Python. python3 --version / -V. python3 -m py_compile file.py (canonical syntax check; the stdlib compiler runs but never executes the user file’s top-level). ruff check, mypy file.py, pyflakes file.py.
Node. node --version / -v. npm --version.
Ruby. ruby --version / -v. ruby -c file.rb (syntax check). bundle --version. rubocop file.rb.
Go. go version. go vet [args]. gofmt -l <file>.go, gofmt -d <file>.go (no rewrite).
Filesystem inspection. ls, ls -la, ls <file/dir>. cat <file>, head <file>, head -N <file>, head -n N <file>.

Refuses any shape that runs user-controlled code at import or top-level — even when the user expects “parse-only” semantics.

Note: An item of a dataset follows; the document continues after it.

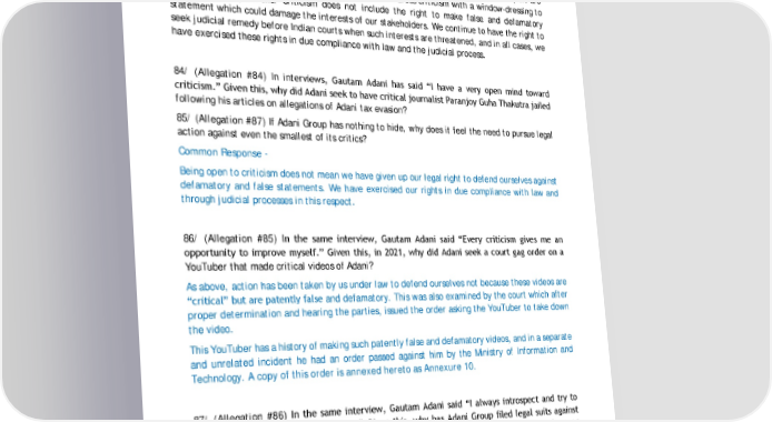 We have already addressed above all allegations in respect of DRI investigations, which as detailed above have been closed and dismissed in our favour. F. Biased and unsubstantiated rhetoric Biased and unsubstantiated rhetoric: Allegation no. 84, 85, 86, 87, and 88 from the report are inherently biased statements around our openness to address criticism with a window-dressing to garb them as questions. Criticism does not include the right to make false and defamatory statement which could damage the interests of our stakeholders. We continue to have the right to seek judicial remedy before Indian courts when such interests are threatened, and in all cases, we have exercised these rights in due compliance with law and the judicial process. 84/ (Allegation #84) In interviews, autam Adani has said “I have a very open mind toward criticism.” iven this, why did Adani seek to have critical journalist Paranjoy uha Thakutra jailed following his articles on allegations of Adani tax evasion? 85/ (Allegation #87) If Adani Group has nothing to hide, why does it feel the need to pursue legal action against even the smallest of its critics? Common Response - Being open to criticism does not mean we have given up our legal right to defend ourselves against defamatory and false statements. We have exercised our rights in due compliance with law and through judicial processes in this respect. 86/ (Allegation #85) In the same interview, autam Adani said “Every criticism gives me an opportunity to improve myself.” iven this, in 2021, why did Adani seek a court gag order on a YouTuber that made critical videos of Adani? As above, action has been taken by us under law to defend ourselves not because these videos are “critical” but are patently false and defamatory. This was also examined by the court which after proper determination and hearing the parties, issued the order asking the YouTuber to take down the video. This YouTuber has a history of making such patently false and defamatory videos, and in a separate and unrelated incident he had an order passed against him by the Ministry of Information and Technology. A copy of this order is annexed hereto as Annexure 10. 87/ (Allegation #86) In the same interview, autam Adani said “I always introspect and try to understand the others’ point of view.” iven this, why has Adani roup filed legal suits against journalists and activists, which have been condemned by media watchdogs? Why did it have an activist in Australia followed by private investigators? Being open to introspection or understanding others point of view does not mean we have given up our legal right to defend ourselves, our businesses and other employees through proper legal channels. We have exercised our rights in this matter in due compliance with law and through proper judicial processes in this respect. 51

Notable refusals:

python3 -c 'import X' — import X runs X’s import-time code.
python3 file.py --help — the script’s top-level runs before --help is honored.
python3 -m <module> --help / --version — the module’s __init__.py imports before argparse.
node file.js --help — same pattern.
ruby file.rb --help — same pattern.

These shapes are explicitly listed in the run_shell tool’s description so agents see them as NOT-passive at lookup time, not as runtime errors after refusal.

`full` — passive + actual execution

Accepts everything passive plus:

Python. python3 file.py [args]. python3 -c '<any body>' (full code execution). python3 -m <module> [<any args>]. pytest [args].
Node. node file.js [args]. npm <subcommand> [args]. npx <tool> [args].
Ruby. ruby file.rb [args]. bundle <subcommand> [args]. rspec, rake.
Go. go <subcommand> [args] (build/run/test/install/mod/get/…). gofmt -w <file>.go (rewrite).
Shell. bash file.sh.

Anything outside the per-profile allowlist raises ValueError with a clear message. Skills that declare tool_loadout=("run_shell",) plus a default profile of passive can never escape into full execution; only skills that explicitly request profile=full can run those argv shapes.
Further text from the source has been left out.